Association rules identify relationships between specific items. Cluster analysis answers a different question:
Which receipts look similar overall?
For this section, each transaction is converted into a binary vector where:
1 means the item appears in the basket0 means the item does not appear in the basketBecause the full item matrix can be sparse and high-dimensional, this analysis focuses on the most frequently purchased items.
transaction_matrix <- as(transactions, "ngCMatrix")
transaction_matrix <- t(transaction_matrix)
colnames(transaction_matrix) <- itemLabels(transactions)
# Keep the top N items to make clustering more interpretable.
top_n_items <- 50
top_items <- item_frequency_table %>%
slice_head(n = top_n_items) %>%
pull(item)
cluster_matrix <- as.matrix(transaction_matrix[, top_items])
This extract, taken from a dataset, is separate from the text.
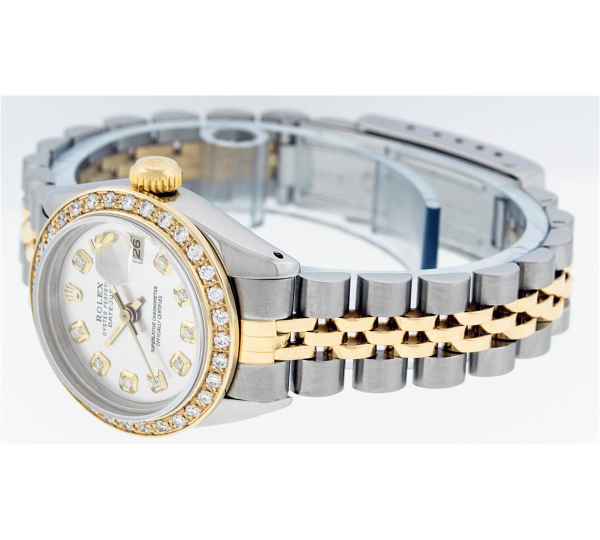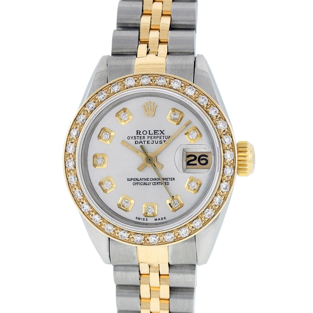 One Ladies Two Tone Rolex Datejust Polished, Serviced & Electronically Tested, 14K Yellow Gold & Stainless Steel Case: 26mm, 14K Yellow Gold Crown, Custom Bezel: 18K Yellow Gold Beadset Diamond Bezel, Diamond Count: 32 Diamonds Total Weight .70 Carat, Clarity: Si-VS, Color: G to H. Custom Crystal: Synthetic Sapphire Cyclops Lens. Movement: Automatic Winding Movement Caliber 2030. Custom Dial: Silver Dial Set With Diamond Hour Markers, 10 Diamond in Dial G To H In Color, Si-VS Clarity. Date Window: 3 O'Clock Position Date Display, Model: Datejust. Condition: G-6 Extra Fine. Bracelet: Two Tone 14K Yellow Gold & Stainless Steel Jubilee. Bright Polish. 6.0 Inch Length, Adjustable. Standard Clasp, With Rolex Logo.

cluster_matrix[1:10, 1:10]
## whole milk other vegetables rolls/buns soda yogurt bottled water
## [1,] FALSE FALSE FALSE FALSE FALSE FALSE
## [2,] FALSE FALSE FALSE FALSE TRUE FALSE
## [3,] TRUE FALSE FALSE FALSE FALSE FALSE
## [4,] FALSE FALSE FALSE FALSE TRUE FALSE
## [5,] TRUE TRUE FALSE FALSE FALSE FALSE
## [6,] TRUE FALSE FALSE FALSE TRUE FALSE
## [7,] FALSE FALSE TRUE FALSE FALSE FALSE
## [8,] FALSE TRUE TRUE FALSE FALSE FALSE
## [9,] FALSE FALSE FALSE FALSE FALSE FALSE
## [10,] TRUE FALSE FALSE FALSE FALSE FALSE
## root vegetables tropical fruit shopping bags sausage
## [1,] FALSE FALSE FALSE FALSE
## [2,] FALSE TRUE FALSE FALSE
## [3,] FALSE FALSE FALSE FALSE
## [4,] FALSE FALSE FALSE FALSE
## [5,] FALSE FALSE FALSE FALSE
## [6,] FALSE FALSE FALSE FALSE
## [7,] FALSE FALSE FALSE FALSE
## [8,] FALSE FALSE FALSE FALSE
## [9,] FALSE FALSE FALSE FALSE
## [10,] FALSE FALSE FALSE FALSE
pca_result <- prcomp(cluster_matrix, center = TRUE, scale. = TRUE)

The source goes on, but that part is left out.